British-American political advisor

Neil Patel (/pəˈtɛl/) (born 1970) is a British-American lawyer, hedge fund manager, conservative political advisor, and publisher. He is the co-founder and publisher of The Daily Caller.

==Early life and education==
Patel was born in Scotland and moved to the United States at age three. He graduated from Worcester Academy and received his B.A. from Trinity College in Connecticut. At Trinity, Patel roomed with Tucker Carlson. Patel holds a J.D. from the Georgetown University Law Center, where he was an associate editor of the Georgetown Journal of International Law. He is of Indian descent.

==Career==
Patel served as Scooter Libby's deputy before becoming chief policy advisor to Vice President Dick Cheney. In his role as an advisor to Cheney, Patel represented the Vice President at White House economic and domestic policy meetings, interacted with the business community on behalf of the Vice President, and managed the Vice President's policy staff. He also served as Staff Secretary to the Vice President, managing the flow of all documents to and from Cheney, including classified information.

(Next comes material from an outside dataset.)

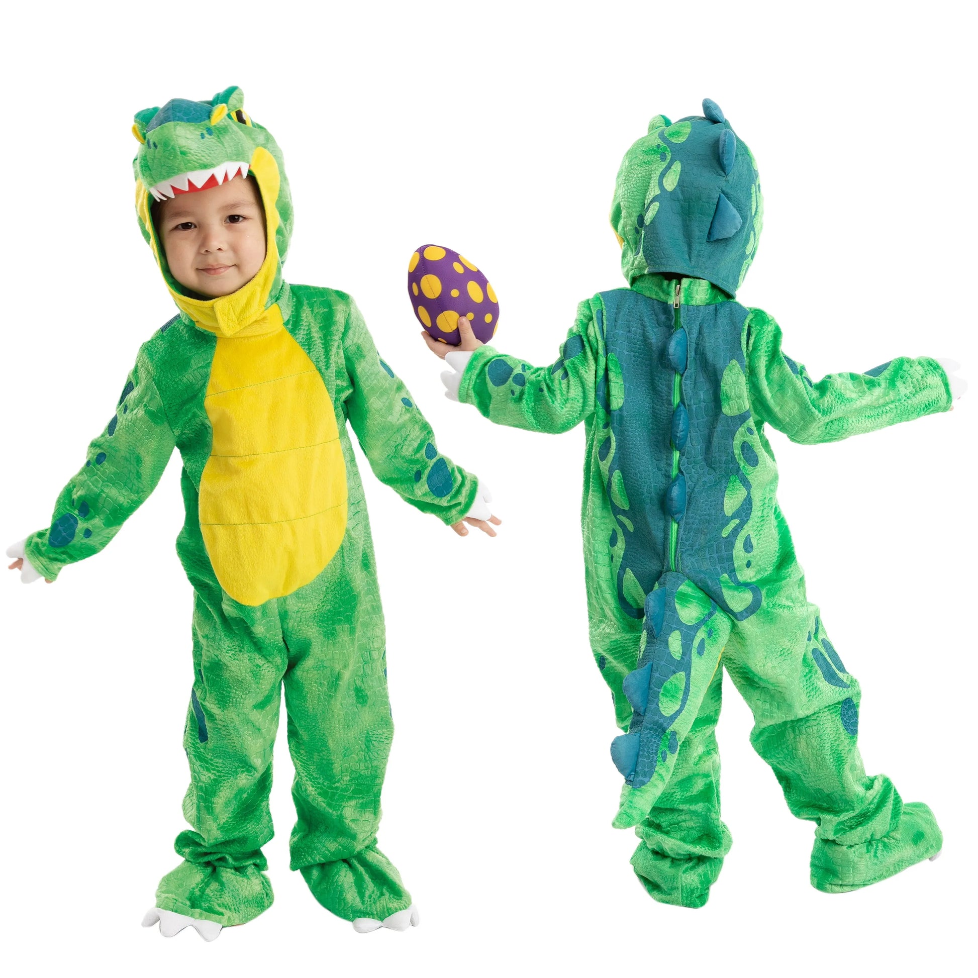- T-Rex Costume for Toddler, Boys and Girls includes a Hood with 3D Dinosaur face, a cute Oange Dinosaur Jumpsuit with tail, a Pair of Booties, and a Fabric Dinosaur Egg.

Patel was nominated by the Bush White House to run the National Telecommunications and Information Administration, but he was not confirmed.

After leaving the vice president's office in 2009, Patel co-partnered with Tucker Carlson to co-founded The Daily Caller, a conservative news and opinion website. Carlson sold his one-third stake in The Daily Caller to Patel in June 2020.

Patel co-founded and is managing director of Bluebird Asset Management, a hedge fund focusing on mortgage-backed securities.